Hoffman staunchly supported the concept of a Virginia Museum of Natural History for many years before its existence and was appointed as curator emeritus in 2009 after his retirement as curator of recent invertebrates, a post he held for 20 years. Hoffman also served as director of research and collections from 2007 to 2009. Before working at VMNH, he was a professor of biology at Radford University for 29 years.

“I was deeply sorry to hear the news of Richard’s death,” said Dr. Nicholas Fraser, keeper of natural sciences at National Museums Scotland and a VMNH research associate. “It is a great loss to the museum and of course to the natural science community in general. He was a formidable scientist with an extraordinary range of knowledge, and while we shall all miss him greatly, we must also remember the warmth, kindness and richness he brought to all of our lives.

“His thirst for knowledge was infectious, and he instilled a desire to better understand our natural heritage in all fortunate to be ‘taught’ by him. Mere words cannot convey our appreciation of his achievements: He has left a great legacy, and if we can all carry on in the traditions and philosophy he followed, then VMNH will go from strength to strength.”

Hoffman pursued undergraduate studies at the University of Virginia and earned a master’s degree in entomology from Cornell University and a doctorate in zoology from Virginia Tech.

“Richard was a real Virginia gentleman,” said Dr. Judith Winston, curator of marine biology at VMNH. “He was a wonderful teacher and a great person, as well as a world-renowned scientist.”

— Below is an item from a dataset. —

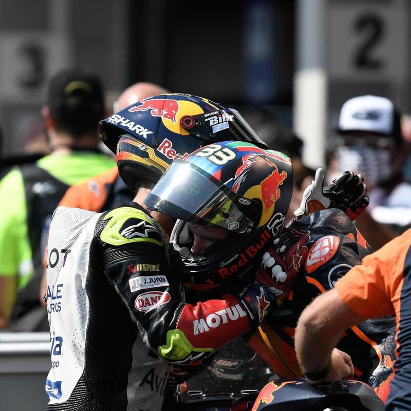 Era arrivato al mondiale dopo aver vinto il CEV e grandi prospettive, ma poi Dennis Foggia si era un po’ perso; nel 2019 avrebbe voluto cambiare qualcosa dentro al box, ma non gli è stato concesso e si è poi arrivati alla separazione con l’Academy. “Ho rischiato di smettere” ha confessato, ma il team Leopard, forse il migliore della categoria, ha creduto in lui. L’inizio è stato difficilissimo, ma Dennis ha tenuto duro e a Brno ha vinto il suo primo GP con una gara da applausi. “The Rocket is back”, il “missile è tornato” ha dichiarato alla fine, tra lacrime di gioia. Una gran bella vittoria.

In celebration of his 80th birthday and his career achievements, a symposium and banquet were held in Hoffman’s honor at VMNH in September 2007. Numerous colleagues, co-workers, friends and family participated in the event.

To coincide with the occasion, the museum produced the special publication “A Lifetime of Contributions to Myriapodology and the Natural History of Virginia: A Festschrift in Honor of Richard L. Hoffman’s 80th Birthday.”

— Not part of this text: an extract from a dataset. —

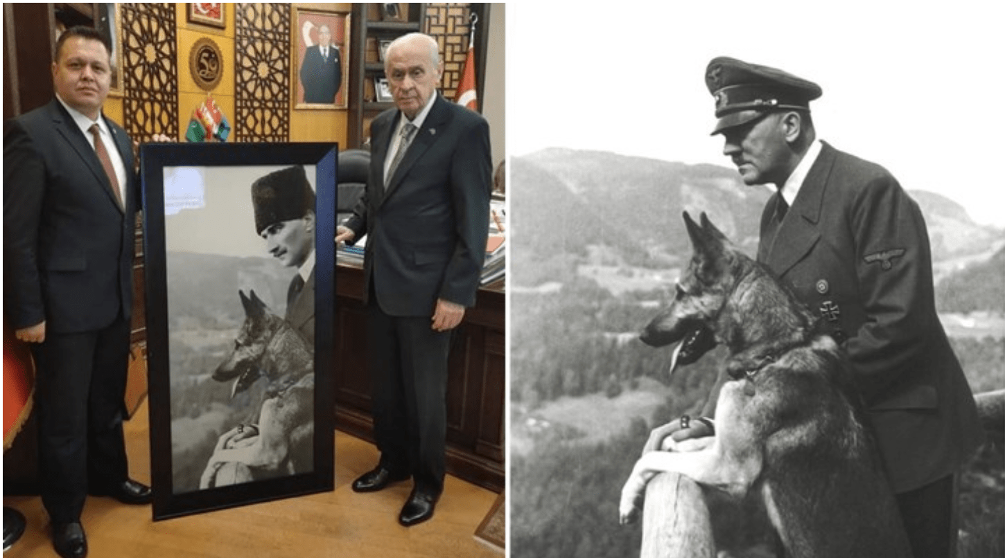 ANKARA. Devlet Bahçeli’nin Manisa İl Başkanlığına atadığı dünya tarihinen bir haber Cüneyt Tosuner, Bahçeli’ye Hitler’in ve “ BLONDİ“ adlı Alman kurt köpekli montajlı Atatürk posterini hediye etti. 20 Kasım 2022 tarihinde hayatını kaybeden Milliyetçi Hareket Partisi (MHP) Manisa İl Başkanı Murat Öner’in yerine Başkanvekili olarak görev yapan Cüneyt Tosuner atandı.

The collection of 32 papers from 41 authors on four continents is representative of Hoffman’s broad taxonomic interests and includes species ranging from salamanders, millipeds, centipeds and crustaceans to insects, plants and fossil mammals. Several of these species occupy highly threatened habitats and are potentially threatened with extinction.

Editor’s note: Ryan Barber is director of marketing and external affairs with the Virginia Museum of Natural History.